• [Problem description]
The entries below should be set down again exactly, with every picture left out.

(Beginning of Data section)

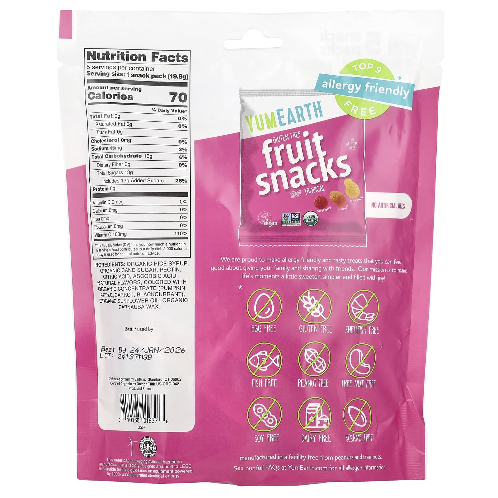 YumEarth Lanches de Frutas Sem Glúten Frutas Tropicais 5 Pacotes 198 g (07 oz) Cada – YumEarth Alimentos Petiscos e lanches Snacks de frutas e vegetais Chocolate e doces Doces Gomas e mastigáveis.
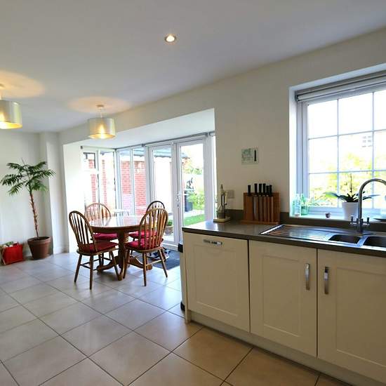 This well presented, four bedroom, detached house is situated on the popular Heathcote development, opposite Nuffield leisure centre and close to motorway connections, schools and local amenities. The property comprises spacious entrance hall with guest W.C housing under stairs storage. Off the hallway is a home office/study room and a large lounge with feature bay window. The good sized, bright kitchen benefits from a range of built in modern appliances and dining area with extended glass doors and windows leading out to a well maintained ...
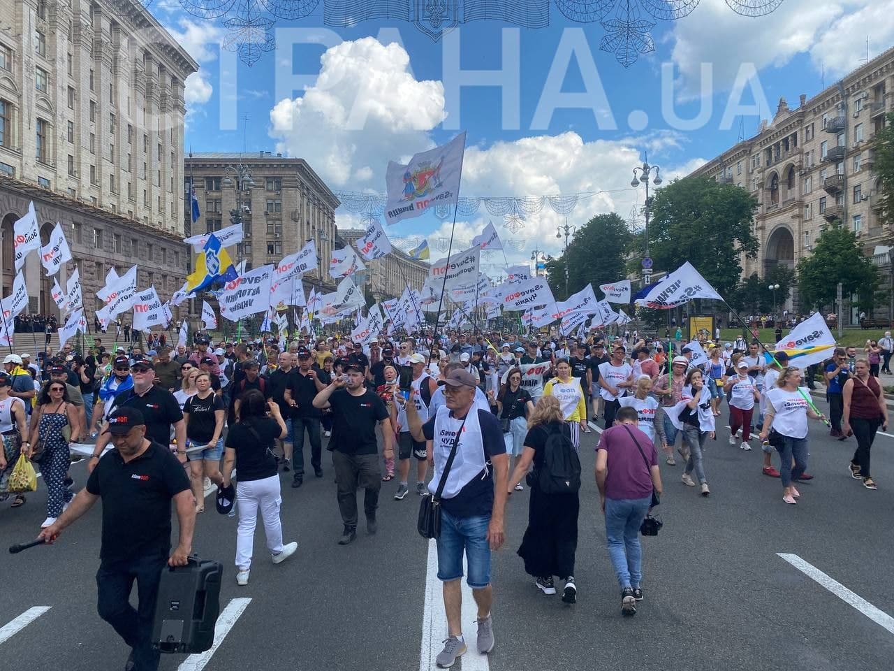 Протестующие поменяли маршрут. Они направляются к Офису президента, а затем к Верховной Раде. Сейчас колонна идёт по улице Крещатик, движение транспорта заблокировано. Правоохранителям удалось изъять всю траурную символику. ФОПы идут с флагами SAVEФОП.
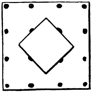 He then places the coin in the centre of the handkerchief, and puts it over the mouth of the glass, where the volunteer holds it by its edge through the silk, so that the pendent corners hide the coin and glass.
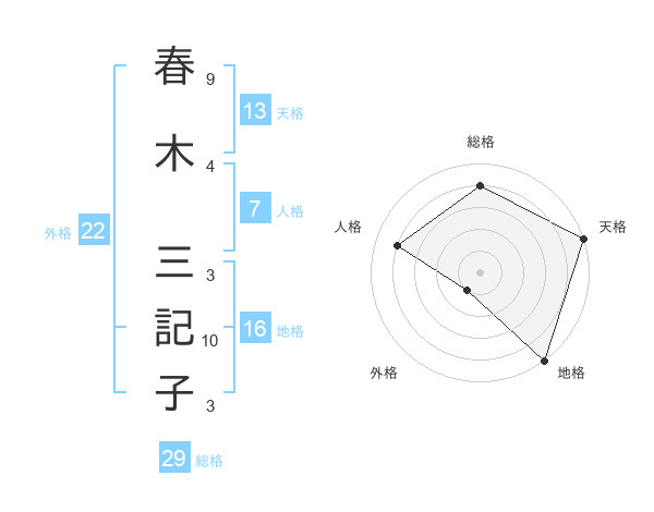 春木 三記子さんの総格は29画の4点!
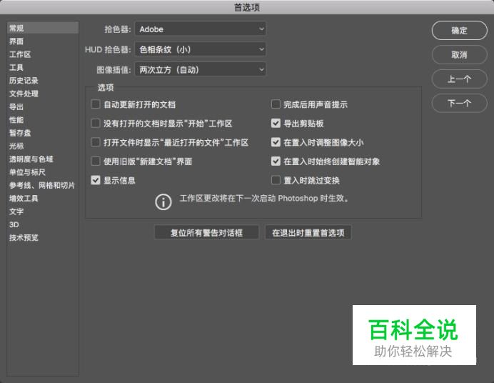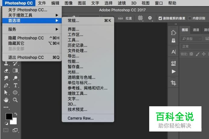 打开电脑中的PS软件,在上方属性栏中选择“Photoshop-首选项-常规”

(End of Data section)

• [Exercise response]
 YumEarth Lanches de Frutas Sem Glúten Frutas Tropicais 5 Pacotes 198 g (07 oz) Cada – YumEarth Alimentos Petiscos e lanches Snacks de frutas e vegetais Chocolate e doces Doces Gomas e mastigáveis.
 This well presented, four bedroom, detached house is situated on the popular Heathcote development, opposite Nuffield leisure centre and close to motorway connections, schools and local amenities. The property comprises spacious entrance hall with guest W.C housing under stairs storage. Off the hallway is a home office/study room and a large lounge with feature bay window. The good sized, bright kitchen benefits from a range of built in modern appliances and dining area with extended glass doors and windows leading out to a well maintained ...
 Протестующие поменяли маршрут. Они направляются к Офису президента, а затем к Верховной Раде. Сейчас колонна идёт по улице Крещатик, движение транспорта заблокировано. Правоохранителям удалось изъять всю траурную символику. ФОПы идут с флагами SAVEФОП.
 He then places the coin in the centre of the handkerchief, and puts it over the mouth of the glass, where the volunteer holds it by its edge through the silk, so that the pendent corners hide the coin and glass.
 春木 三記子さんの総格は29画の4点!
 打开电脑中的PS软件,在上方属性栏中选择“Photoshop-首选项-常规”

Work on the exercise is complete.